-- Your instructions --
The whole listing below is to be copied exactly, with every picture left out.

-- Supplied information --

========================

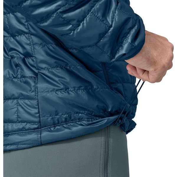 Pikowana struktura z poziomymi liniami nie tylko stabilizuje izolację, ale także nadaje kurtce nowoczesny wygląd. Zamek błyskawiczny na całej długości z wewnętrzną klapą przeciwsztormową oraz garażem na zamek pod brodą zapewnia dodatkowy komfort, minimalizując ryzyko podrażnień skóry. Kieszenie w kurtce Nano Puff Hoody zostały przemyślane pod kątem funkcjonalności. Dwie zapinane na zamek kieszenie boczne są idealne do ogrzewania dłoni, a dodatkowa wewnętrzna kieszeń na piersi, również zapinana na zamek, może służyć do spakowania kurtki. Kaptur zaprojektowany pod kask jest lekki i prosty, co sprawia, że kurtka nadaje się doskonale do aktywności takich jak wspinaczka czy trekking. Elastyczne mankiety oraz regulowany dół kurtki ze ściągaczem dodatkowo zwiększają komfort noszenia, zapewniając idealne dopasowanie i ochronę przed zimnem.
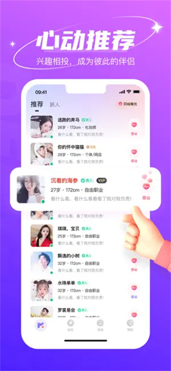 1系统依据用户的性格、兴趣和爱好等多个方面进行智能化推荐,帮助用户找到志趣相投的朋友进行互动聊天和交友,最终成为彼此的伴侣,培养深厚的情感。
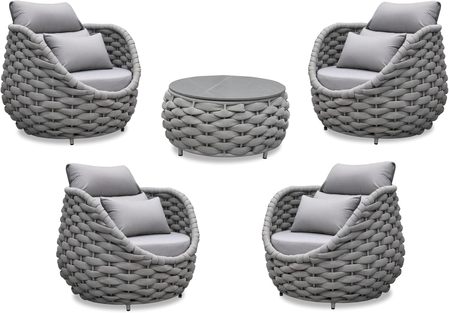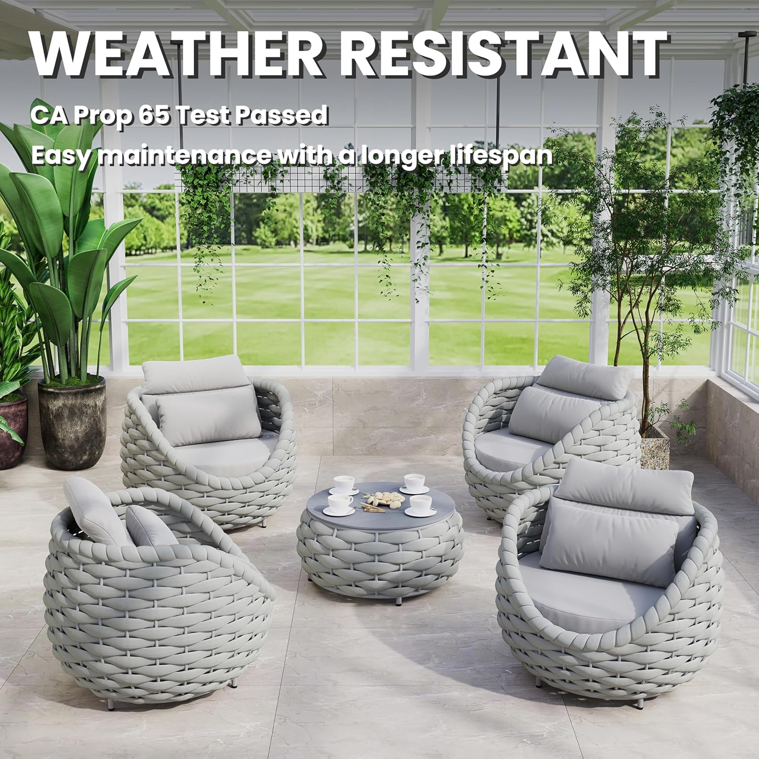 - Furniture set is crafted from reinforced rust-free aluminum alloy frame, wrapped in hand woven textilene rope. The 5 pieces all weather patio upholstered conversation set resists to UV, rain, wind, salt water. Perfect for indoor outdoor even arid or coastal areas

========================

-- Solution to the problem --
 Pikowana struktura z poziomymi liniami nie tylko stabilizuje izolację, ale także nadaje kurtce nowoczesny wygląd. Zamek błyskawiczny na całej długości z wewnętrzną klapą przeciwsztormową oraz garażem na zamek pod brodą zapewnia dodatkowy komfort, minimalizując ryzyko podrażnień skóry. Kieszenie w kurtce Nano Puff Hoody zostały przemyślane pod kątem funkcjonalności. Dwie zapinane na zamek kieszenie boczne są idealne do ogrzewania dłoni, a dodatkowa wewnętrzna kieszeń na piersi, również zapinana na zamek, może służyć do spakowania kurtki. Kaptur zaprojektowany pod kask jest lekki i prosty, co sprawia, że kurtka nadaje się doskonale do aktywności takich jak wspinaczka czy trekking. Elastyczne mankiety oraz regulowany dół kurtki ze ściągaczem dodatkowo zwiększają komfort noszenia, zapewniając idealne dopasowanie i ochronę przed zimnem.
 1系统依据用户的性格、兴趣和爱好等多个方面进行智能化推荐,帮助用户找到志趣相投的朋友进行互动聊天和交友,最终成为彼此的伴侣,培养深厚的情感。
 - Furniture set is crafted from reinforced rust-free aluminum alloy frame, wrapped in hand woven textilene rope. The 5 pieces all weather patio upholstered conversation set resists to UV, rain, wind, salt water. Perfect for indoor outdoor even arid or coastal areas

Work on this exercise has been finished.